Shongom is a Local Government Area (LGA) of Gombe State, Nigeria. Its headquarter is in the town of Boh in the northern part of the Local Government Area .

Geography 
Shongom LGA occupies a total area of 922 square kilometres and has an average temperature of 31 °C. The LGA witnesses two major seasons which are the rainy season, which usually comes between the months of May and September, and the dry season which is normally between the months of October and April.

Economy 
Trade is a critical economic activity in Shongom LG with the area hosting the expansive Lalaipido international cattle market where a variety of domestic animals are sold. Farming also blossoms in Shongom LGA with the area known for the cultivation of a number of food crops such as beans, rice, sorghum, guineacorn, and millet. Other occupations of the people of Shongom LGA include hunting, wood carving, and animal rearing.

Districts and villages
Bengunji; Bango, Bangunji, Bikutture, Bikwala, Bishiwai, Dilange (Dutse), Kalo, Kulan, Laluwa, Najeji, Suli, Yelchen-Yelchen.

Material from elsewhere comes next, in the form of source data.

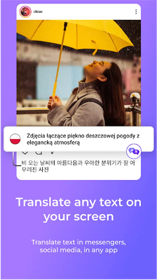Want to chat with someone who doesn't speak your language? Just turn on the chat translator function and both talk in your native language, and Anytranslate will translate the text in the language of the interlocutor into your native language for you and vice versa for your interlocutor.
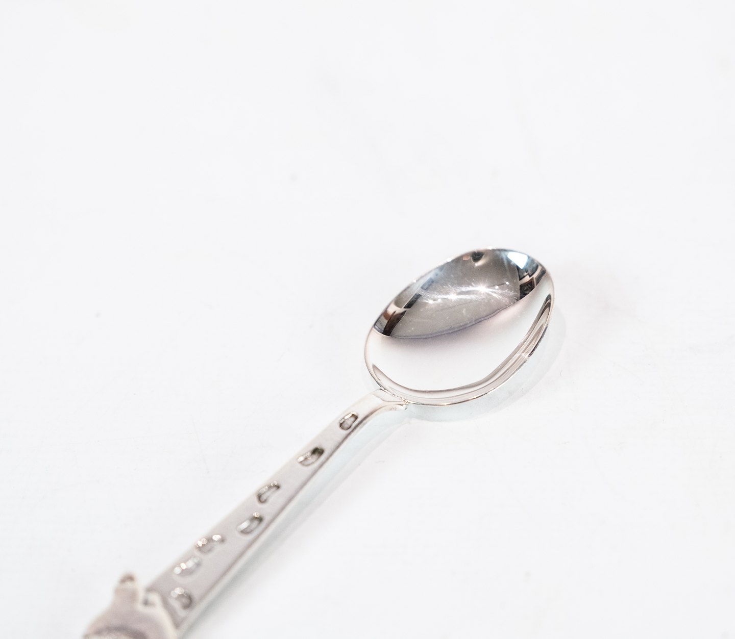 Small children's spoon with motif of H.C. Andersens's The Little Match Girl in hallmarked silver.
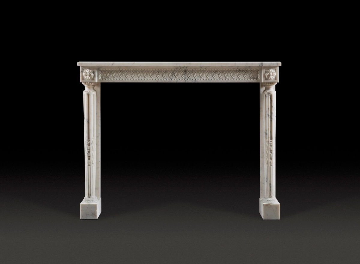 A very elegant Louis XVI style fireplace carved in Carrara marble, the running guilloche frieze flanked by paterae cornerblocks, supported by filled fluted column.
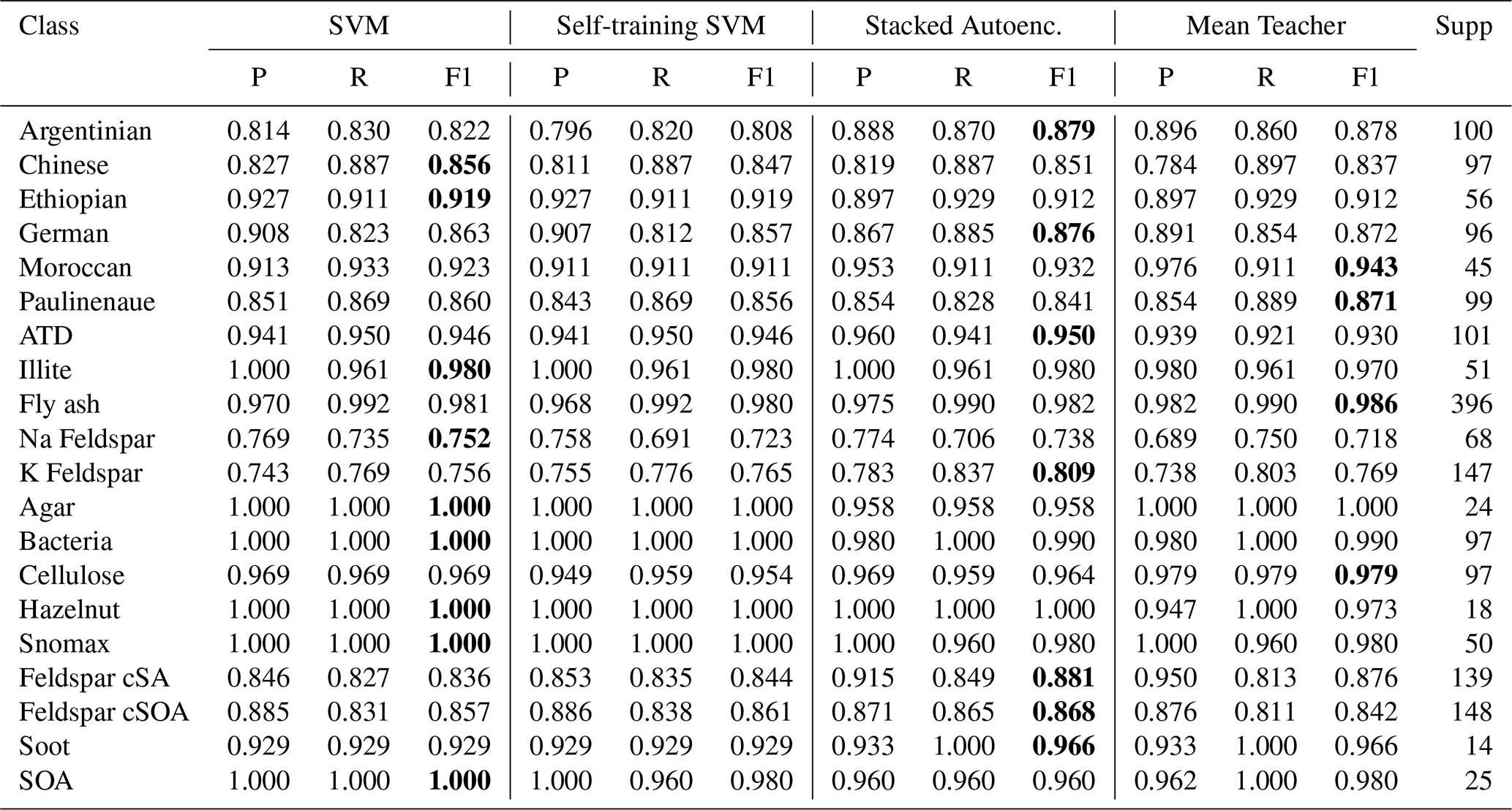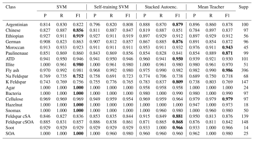 The stacked autoencoder classifier (Model 3) performed best at 91.1 % overall accuracy, 91.8 % precision and 91.6 % F1-score. Model 1 achieved an F1 score of 91.2 % but during parameter optimization most iterations yielded a score below 89.5 %. The performance of each model in each class can be seen in the confusion matrix in Fig. 5. Certain misclassifications were not random but reflected underlying chemical overlap among particle classes. For example, K-Feldspar and Na-Feldspar spectra were frequently assigned to other mineral or metallic types. This ambiguity is consistent with shared ion signatures (see Table A1 for a reference guide to ion identities): feldspar and dust both exhibit strong signals at m/z 16 (O), m/z 24 (C2-), and m/z 60 (SiO2-). Similarly, bacterial and Snomax particles showed overlapping assignments, attributable to common peaks such as m/z 26 (CN) and m/z 43 (C2HO) (Table A1). These confusions reproduce the challenges faced by manual SPMS classification, thereby reinforcing the models' ability to capture genuine ambiguities inherent in atmospheric particle spectra. Including the unlabeled data in a semi-supervised fashion for the SVM model showed a slight decrease in performance (Model 2), despite the increase in overall training data. The calibration procedure for the self-learning SVM, as discussed in Sect. 2, demonstrated difficulty in using most of the unlabeled data to increase classification accuracy.
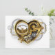 Mechanical, volumetric, steampunk heart with pressure gauge, steel and gold gears on white background. Steampunk style.
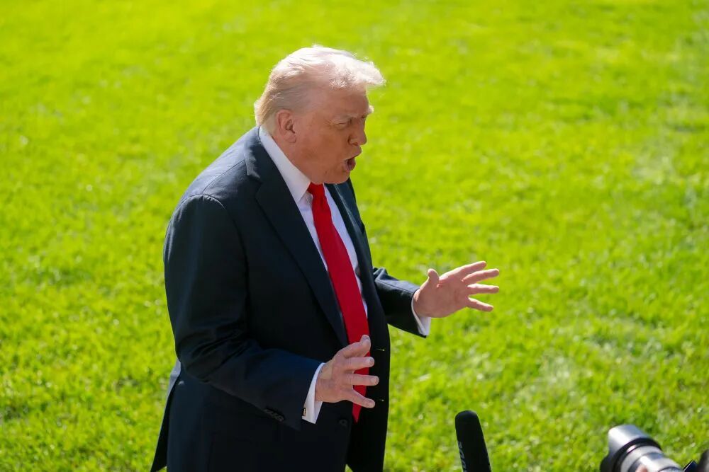 2025年10月5日,在美国首都华盛顿,美国总统特朗普回答记者提问。新华社记者胡友松摄

Burak; Dabuki, Dajanwani, Kwanankukah, Lasanjang, Pirim, Sabonlayi, Shemyam, Tauni, Burak.

Filiya; Chengun, Disga, Farin-Kasa, Filiya, Jauro-Sajo, Lababali, Yapandi, Yarana.

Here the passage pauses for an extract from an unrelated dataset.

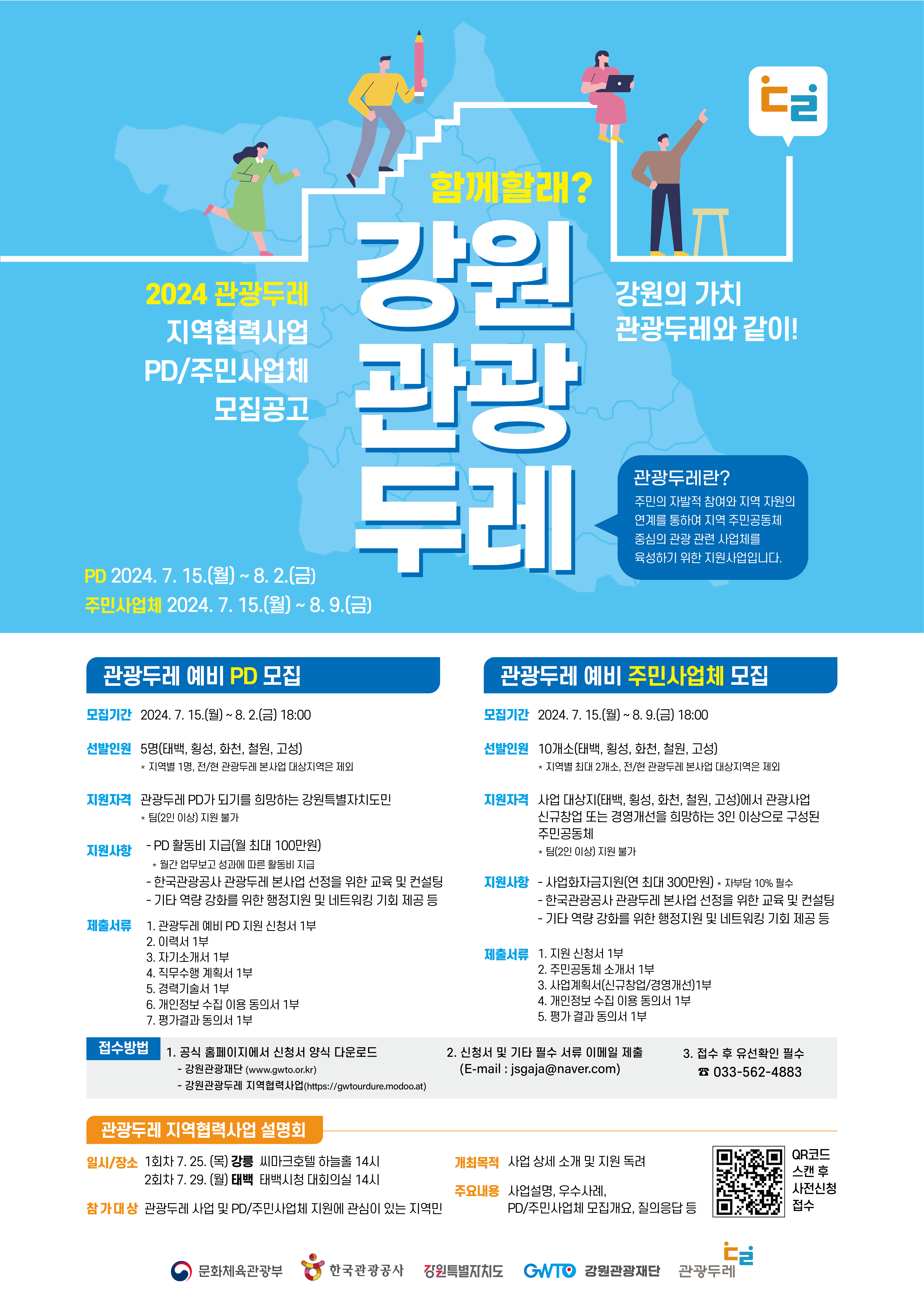자세한 내용은 강원 관광두레 홈페이지와 강원관광재단 홈페이지를 확인해주세요!
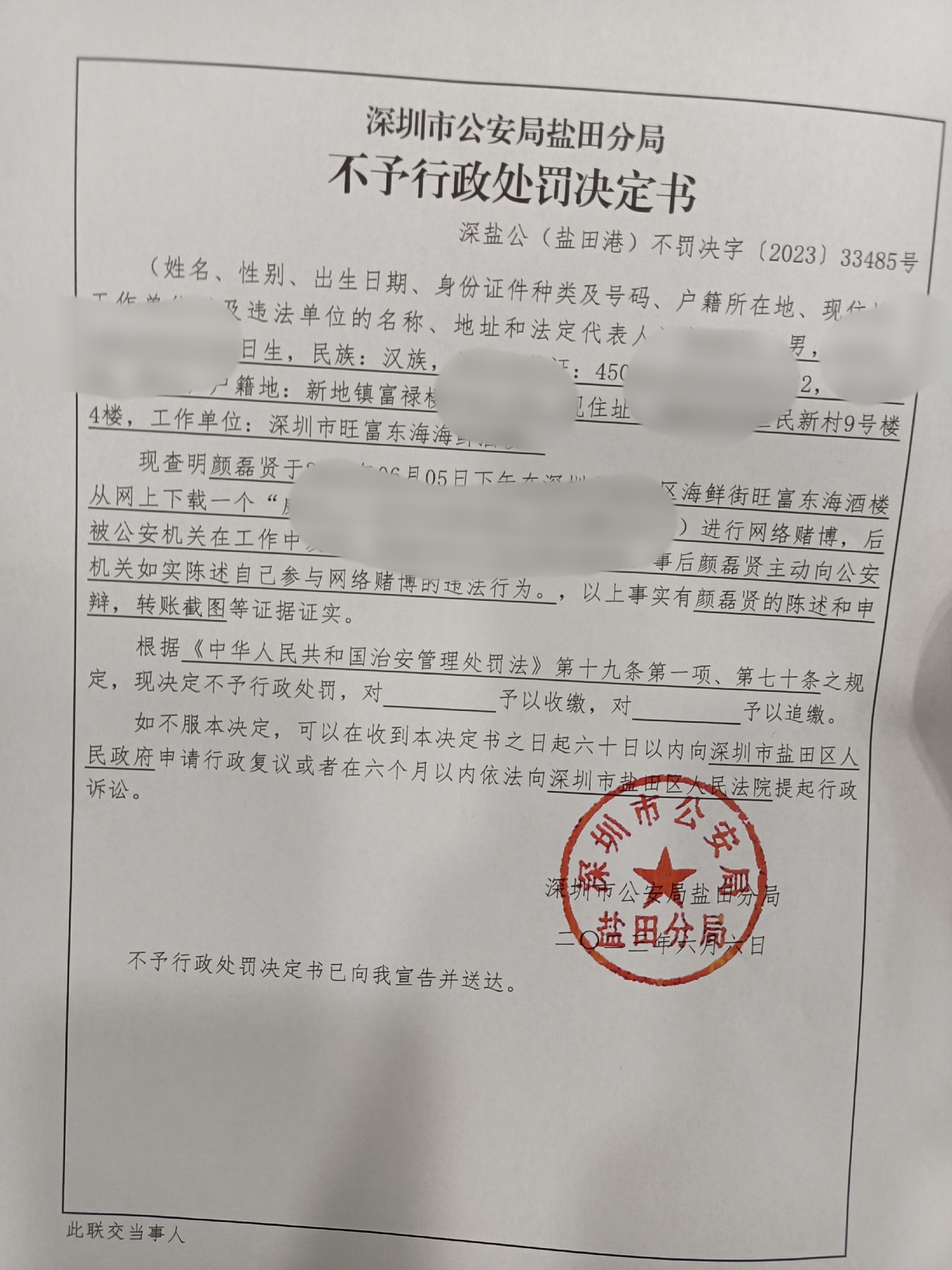 昨天中午玩了一个叫580威尼斯人的平台,然后就没过多久就接到了反诈中心电话,我以为也会跟之前一样就宣传一下反诈知识,拍一下照应付一下工作就走了,没想到他这次深究我,直接上来先跟我宣传一下反诈知识,然后就没收了我的手机,让我跟他回去派出所核实情况,然后就是各种等待,然后又验血录指纹采集验尿什么的,反正很麻烦,等了五六个小时他才给我出来,第一次给我机会,下次再有就拘留了。还有最后我想问一下大家,为什么叔叔说不拘留,还要我验血验尿什么的走一遍拘留前的操作呢?还有就是反诈中心说我浏览了诈骗网址,给涉案卡转了资金!烦请还在玩网络赌博的人,尽早戒了!

Gundale; Anguwar Jauro Sule, Bebulo, Gundale, Gurwa, Kambuluk, Marke, Sakram, Swaja, Tudun Wada, Yelwa Gurwa.

Gwandum; Danjigiri, Garko, Golombi, Gujuba, Gwandum, Gwanlammeche, Gwere Yelwa, Katagum, Keffi, Kukah, Lalingling, Majidadi, Pamadu, Pilame, Popandi, Sabongari, Tambau, Toro, Yabayo, Yafuto.

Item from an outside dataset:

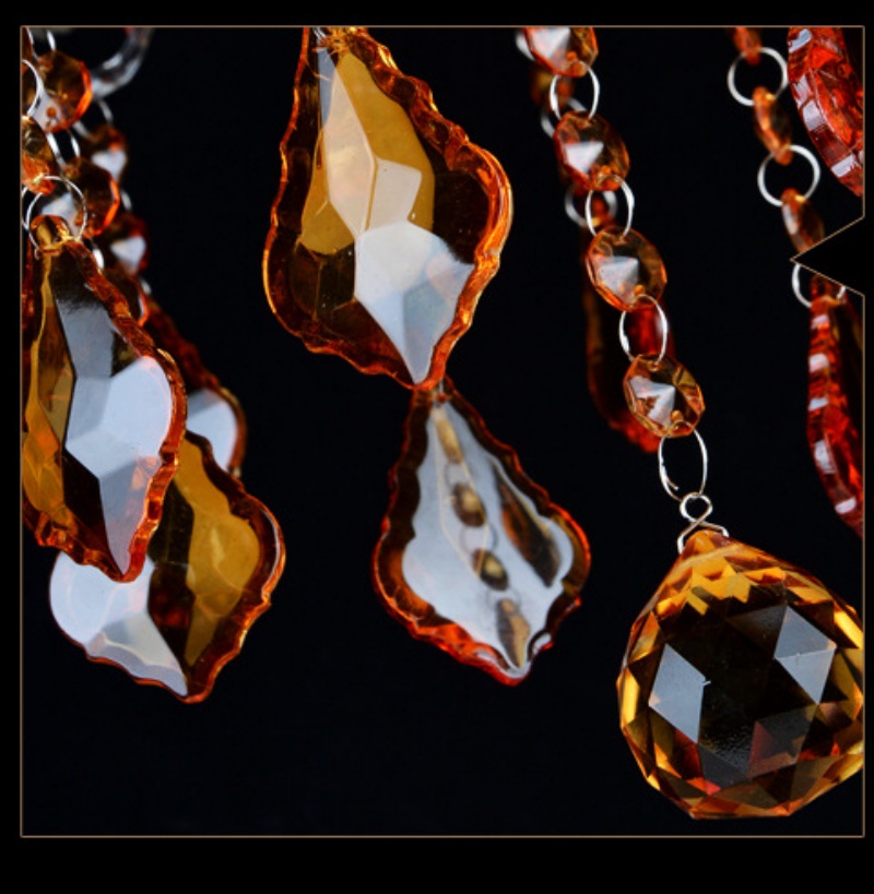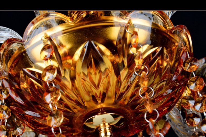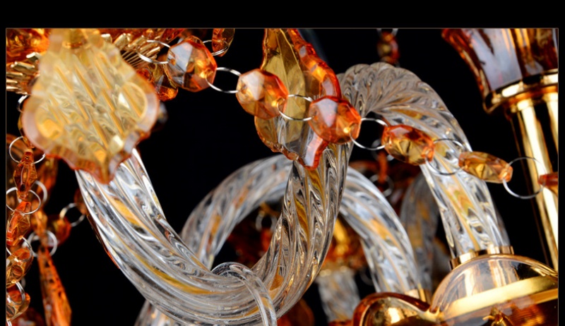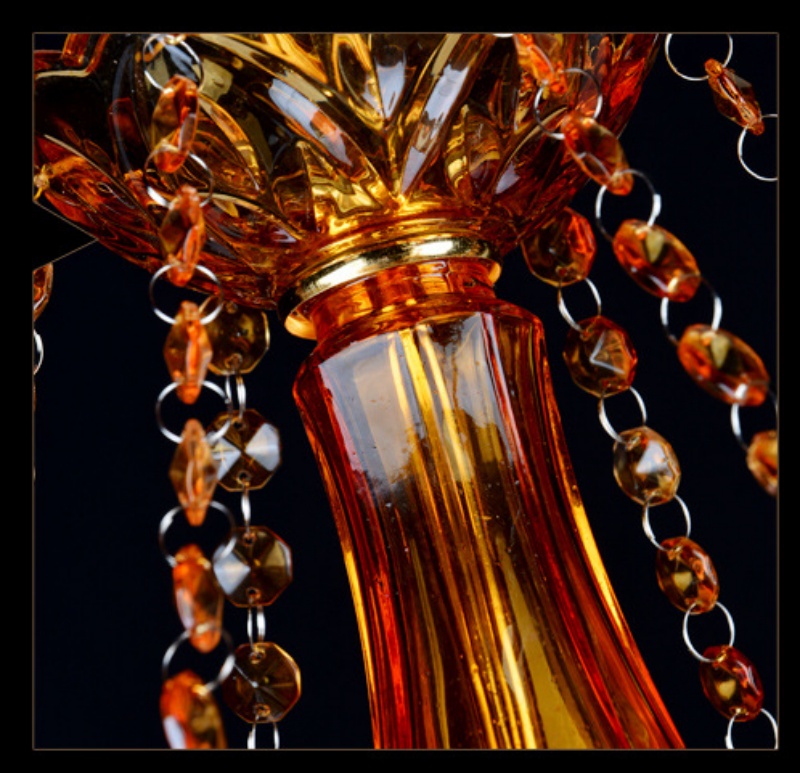 • Rich Amber Hues and Artisanal Detail: The distinctive character of this chandelier is defined by its luxurious materials: a sturdy metal frame, shimmering amber crystals, clear glass candle sleeves, and delicate fabric or chain accents. The warm amber crystals filter light into a rich, golden glow, creating a cozy and inviting atmosphere. The intricate craftsmanship is evident in every detail, from the crystal facets to the ornate metalwork, making this stunning chandelier a masterpiece that adds layers of texture, color, and vintage sophistication to any stately interior.
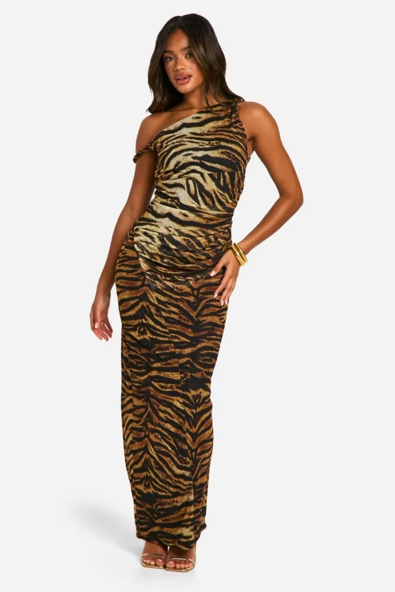 BOOHOO Tiger Mesh Rope Detail Asymmetric Maxi Dress

Kushi; Dankunni, Dirang, Gomle, Kaure, Kommo, Kugwayam, Kushi, Ladongor, Lapandintai, Sabongari, Tanjania, Tatadar

Shongom; Amkolom, Boh, Kalishen, Karel, Kulishin, Labarya, Labayo, Labeke, Laduka, Lakenturum, Lakumji, Lalaipido, Lapan (Lapan), Lasadar, Lasanjang, Lasasap, Lashikoldok, Latatar, Latur, Lawishi, Layasakalak, Pokata, Tedmugzu.

Population 
The population of  Shongom in 2006 census was 151,520.

Postal Code 

The postal code of the area is 770.

Geographical Coordinates 
Latitude: 9.65, Longitude: 11.2167
9° 39′ 0″ North, 11° 13′ 0″ East

Area 
92,200 hectares
922.00 km² (355.99 sq mi)

Altitude 
383 m (1,257 ft)

Climate 
Tropical savanna climate.

Chairman of Shongom LGA 
The present Chairman of Shongom Local Government Area is Yohanna Nahari, from All Progressive Congress (APC).